Here’s a flip side: what do you do when your daughter comes home from fourth grade and decides that she is now a vegetarian in a family of meat eaters? Rising says, “Parents shouldn’t see her choice as a ‘disrespect thing,’ but rather be proud of their kid for being a critical thinker,” speaking partly from her own experience. Although her decision to become vegetarian, and later vegan, as a child created some tension with her mom at first, she is now more open to the lifestyle.

Nowatzki was in his 20s when he made the switch from a self-described “meat and cheese guy” to being vegan but had a similar experience with his parents at first. “I’ve become closer with my mom through cooking together,” he says. “Before I became vegan I didn’t care about cooking.”

 

Healthy eating, any way you slice it

Evelyn and Elliott Hill’s favorite foods seem typical of most American kids; pizza, tacos, and peanut butter and jelly sandwiches top the list (albeit vegan versions). But not far behind are broccoli and pineapple for Elliott, and kale chips and raspberries for Evelyn.

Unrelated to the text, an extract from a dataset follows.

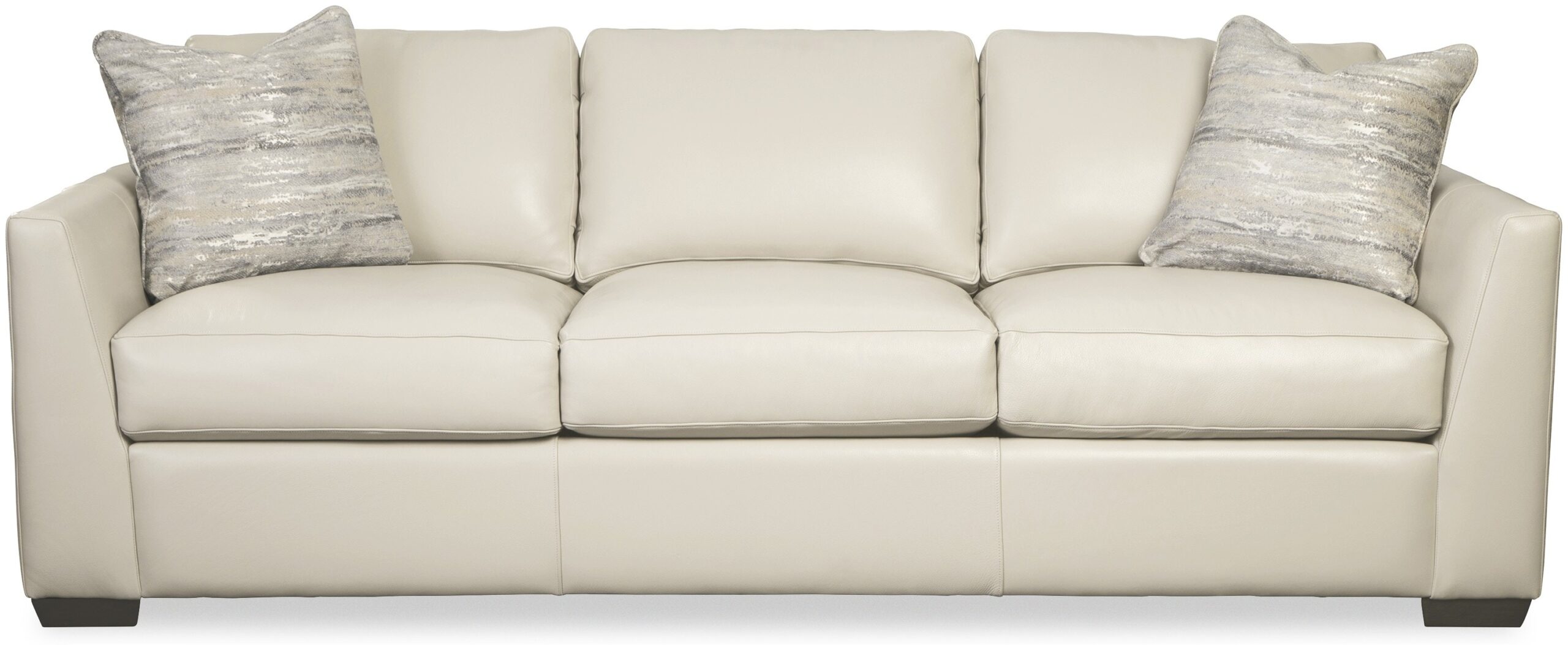 This modern leather sofa features architectural shaping and low, deep seating, designed to be both comfortable and on-trend. It’s generous scale and Blend Down Coil cushioning provide plush, seating for the whole family. French seaming, semi-attached box border back pillows, and low block legs. Also available are the matching loveseat, chair 1/2, and ottoman. This style is standard with one pair of Blend Down toss pillows in your choice of fabric.

“Sometimes people have this perception that veganism isn’t healthy for children, but I think it pushes my kids to try a greater variety of options. Instead of gravitating toward processed foods, they eat a lot more fruits and veggies,” Hill says. Time-pressed parents need not worry, either. “There’s a false idea of how much time it takes to cook healthful food. It doesn’t take any longer than ordering take-out would.”

The Academy of Nutrition and Dietetics and American Academy of Pediatrics (AAP) agree that vegan and vegetarian diets are healthy—if they are well planned. Parents of vegan kids will need to pay closer attention to their kids’ diets to make they’re getting adequate amounts of Vitamin B12, Vitamin D, calcium, iron, and protein, but otherwise are healthy and grow at similar rates to their omnivore counterparts.

Bouressa says if she were to raise her kids all over again she would still approach eating the same way, but added, “It would be easier since now there are a lot more vegetarian options for kids.”